In some cases we might be unsatisfied with the default size range. To provide a customized span of sizes, set the `range` parameter of the `scale` attribute to an array indicating the smallest and largest sizes. Here we update the size encoding to range from 0 pixels (for zero values) to 1,000 pixels (for the maximum value in the scale domain):

In [11]:
alt.Chart(data2000).mark_point().encode(
    alt.X('fertility:Q'),
    alt.Y('life_expect:Q'),
    alt.Size('pop:Q', scale=alt.Scale(range=[0,1000]))
)

## Color and Opacity

The `color` encoding channel sets a mark's color. The style of color encoding is highly dependent on the data type: nominal data will default to a multi-hued qualitative color scheme, whereas ordinal and quantitative data will use perceptually ordered color gradients.

Here, we encode the `cluster` field using the `color` channel and a nominal (`N`) data type, resulting in a distinct hue for each cluster value. Can you start to guess what the `cluster` field might indicate?


In [12]:
alt.Chart(data2000).mark_point().encode(
    alt.X('fertility:Q'),
    alt.Y('life_expect:Q'),
    alt.Size('pop:Q', scale=alt.Scale(range=[0,1000])),
    alt.Color('cluster:N')
)

If we prefer filled shapes, we can can pass a `filled=True` parameter to the `mark_point` method:

In [13]:
alt.Chart(data2000).mark_point(filled=True).encode(
    alt.X('fertility:Q'),
    alt.Y('life_expect:Q'),
    alt.Size('pop:Q', scale=alt.Scale(range=[0,1000])),
    alt.Color('cluster:N')
)

By default, Altair uses a bit of transparency to help combat over-plotting. We are free to further adjust the opacity, either by passing a default value to the `mark_*` method, or using a dedicated encoding channel.

Here we demonstrate how to provide a constant value to an encoding channel instead of binding a data field:

In [14]:
alt.Chart(data2000).mark_point(filled=True).encode(
    alt.X('fertility:Q'),
    alt.Y('life_expect:Q'),
    alt.Size('pop:Q', scale=alt.Scale(range=[0,1000])),
    alt.Color('cluster:N'),
    alt.OpacityValue(0.5)
)

## Shape

The `shape` encoding channel sets the geometric shape used by `point` marks. Unlike the other channels we have seen so far, the `shape` channel can not be used by other mark types. The shape encoding channel should only be used with nominal data, as perceptual rank-order and magnitude comparisons are not supported.

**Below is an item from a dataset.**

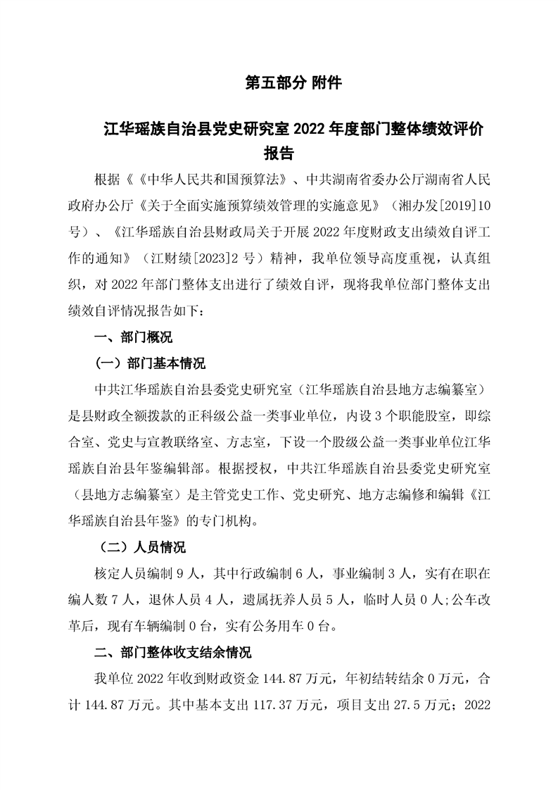 江华瑶族自治县党史研究室2022年度部门决算公开

Let's encode the `cluster` field using `shape` as well as `color`. Using multiple channels for the same underlying data field is known as a *redundant encoding*. The resulting chart combines both color and shape information into a single symbol legend:

In [15]:
alt.Chart(data2000).mark_point(filled=True).encode(
    alt.X('fertility:Q'),
    alt.Y('life_expect:Q'),
    alt.Size('pop:Q', scale=alt.Scale(range=[0,1000])),
    alt.Color('cluster:N'),
    alt.OpacityValue(0.5),
    alt.Shape('cluster:N')
)

## Tooltips
By this point, you might feel a bit frustrated: we've built up a chart, but we still don't know what countries the visualized points correspond to! Let's add interactive tooltips to enable exploration.
Tooltips provide additional information about a given encoding.
By hovering over a mark, additional data for the given row in the data field is made accessible to the user.
The simplest form of interaction supported in Altair is tooltips. During the course of the term,  you will be introduced to ways you can author interactions in Altair.

The `tooltip` encoding channel determines tooltip text to show when a user moves the mouse cursor over a mark. Let's add a tooltip encoding for the `country` field, then investigate which countries are being represented.


In [16]:
alt.Chart(data2000).mark_point(filled=True).encode(
    alt.X('fertility:Q'),
    alt.Y('life_expect:Q'),
    alt.Size('pop:Q', scale=alt.Scale(range=[0,1000])),
    alt.Color('cluster:N'),
    alt.OpacityValue(0.5),
    alt.Tooltip('country')
)

## Ordering

As you mouse around you may notice that you can not select some of the points. For example, the largest dark blue circle corresponds to India, which is drawn on top of a country with a smaller population, preventing the mouse from hovering over that country. To fix this problem, we can use the `order` encoding channel.

The `order` encoding channel determines the order of data points, affecting both the order in which they are drawn and, for `line` and `area` marks, the order in which they are connected to one another.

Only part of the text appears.